Prevena was applied intraoperatively and removed 5 to 7 days postoperatively. The non-Prevena group received either a skin adhesive or absorbent dressing. Groin incisions were assessed, and infection was graded based on Szilagyi classifications. Student t-test and two-sample proportion z test were used for statistical analyses. A P value < .05 was considered statistically significant.

Results: Comorbidities and known risk factors for infection were compared; there were no statistically significant differences between the two groups. Prosthetic material was used in 34 (65%) incisions in the Prevena group and 29 (46%) incisions

in the non-Prevena group. Fifty (96%) incisions within the Prevena group and 60 see more (96%) in the non-Prevena group were classified as clean surgical wounds. Wounds were evaluated at 7 days and 30 days postoperatively. Of 63 groin incisions in 49 patients in the non-Prevena group, 19 (30%) incisions had groin wound

infections. Wound infections were classified into Szilagyi grade I (10; 16%), Szilagyi grade II (7; 11%), and Szilagyi grade III (2; 3%). Of 52 groin incisions in 41 patients in the Prevena group, three (6%) incisions had Szilagyi grade I wound infections. No grade II or III infections occurred in this group. Overall incidence of infection between the two groups was statistically significant (P = .0011).
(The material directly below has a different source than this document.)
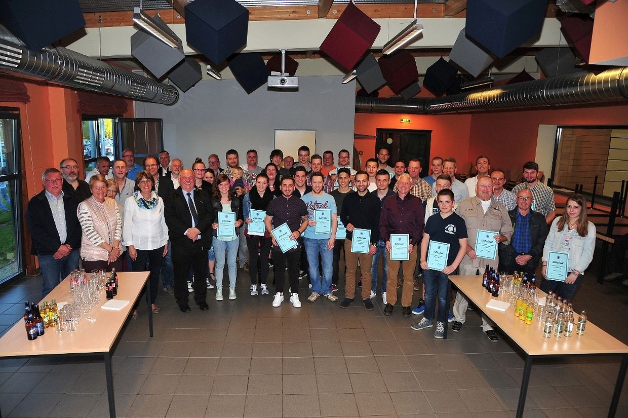 Useldingen:n Die alljährliche Sportlerehrung im Sportszentrum in Useldingen zeugte einmal mehr davon, welchen Stellenwert der Individuelle sowie auch der Mannschaftssport in der Gemeinde Useldingen einnehmen. Die Diplomüberreichung mit den als Ermutigung beigefügtem Einkaufsgutschein an die 42 Sportler fand vor kurzem im Rahmen einer kleinen Ehrung statt. Bürgermeister Pollo Bodem begrüßte die verschiedenen Vereine mit ihren Preisträgern und hob dabei dass die verdienstvollen Sportler ihre Vereine und damit auch die Gemeinde Useldingen auch würdig vertreten haben. Nicht nur der Spitzensport, sondern gerade der Vereinssport auf lokaler Ebene sowie die unermüdliche Vorstandsarbeit der lokalen Sport- und Jugendkommission verdienten Anerkennung. Darum werde die Gemeindeverwaltung auch in Zukunft den Sport unterstützen. Nach den Glückwünschen von Präsidentin Marielle Goedert wurden alsdann die Sportler des Tischtennisvereines aus Schandel geehrt die mit Chris Schroeder, Luc Schroeder, Milena Schroeder, Pol Hoffmann, Gil Kleer und Tom Kleer den Sprung von der dritten in die zweite Division schafften. Für die „ Indiaca Nethoppers“ erzielten gleich 14 Damen und die „ Equipe Mixte“ exzellente Resultate. Gleich 17 Spieler der ersten Fußballmannschaft wurden für ihren Aufstieg von der dritten in die zweite Division geehrt. Bei den Sportfischern wurde Lucien Flohr Vizemeister beim nationalen Fliegenfischen bei den Veteranen. Luca Denell wurde nationaler Meister in der Kategorie Jeunes U14.In der Leichtathletik wurde Romain Frank bei den Ergo Iron Kids Lasel- Meister beim Triathlon Cross. In der Segelfliegerei wurden die Piloten Daniel Zanitzer, Guy Bechthold und Arny Weber für ihre besonderen Flugleistungen bei nationalen sowie internationalen Rekorden ausgezeichnet. Guy Bechthold wurde seinerseits noch zu seiner Leistung im Segelflug auf langer Distanz beglückwünscht. (CR) (FOTO: CHARLES REISER)

Conclusions: In this clinical study, HSP inhibitor Prevena negative pressure dressing significantly decreased the incidence of groin wound infection in patients after vascular surgery. (J Vasc Surg 2013;57:791-5.)”
“The distribution of drug delivery systems into the body is affected by plasma proteins adsorbed onto their surface. Furthermore, an exact understanding of the structure and morphology of drug carriers is fundamental to understand

their role as gene delivery systems. In this work, the adsorption of human plasma proteins bound to cationic liposomes Selleckchem Bortezomib and to their relative DNA lipoplexes was compared. A shotgun proteomics approach based on HPLC coupled to high resolution MS was used for an efficient identification of proteins adsorbed onto liposome and lipoplex surfaces. The distinct pattern of proteins adsorbed helps to better understand the DNA compaction process. The experimental evidence leads us to hypothesize that polyanionic DNA is associated to the lipoplex surface and can interact with basic plasma proteins. Such a finding is in agreement with recent results showing that lipoplexes are multilamellar DNA/lipid domains partially decorated with DNA at their surface. Proteomics experiments showed that the lipoplex corona is rich of biologically relevant proteins such as fibronectin, histones and complement proteins. Our results provide novel insights to understand how lipoplexes activate the immune system and why they are rapidly cleared from the blood stream.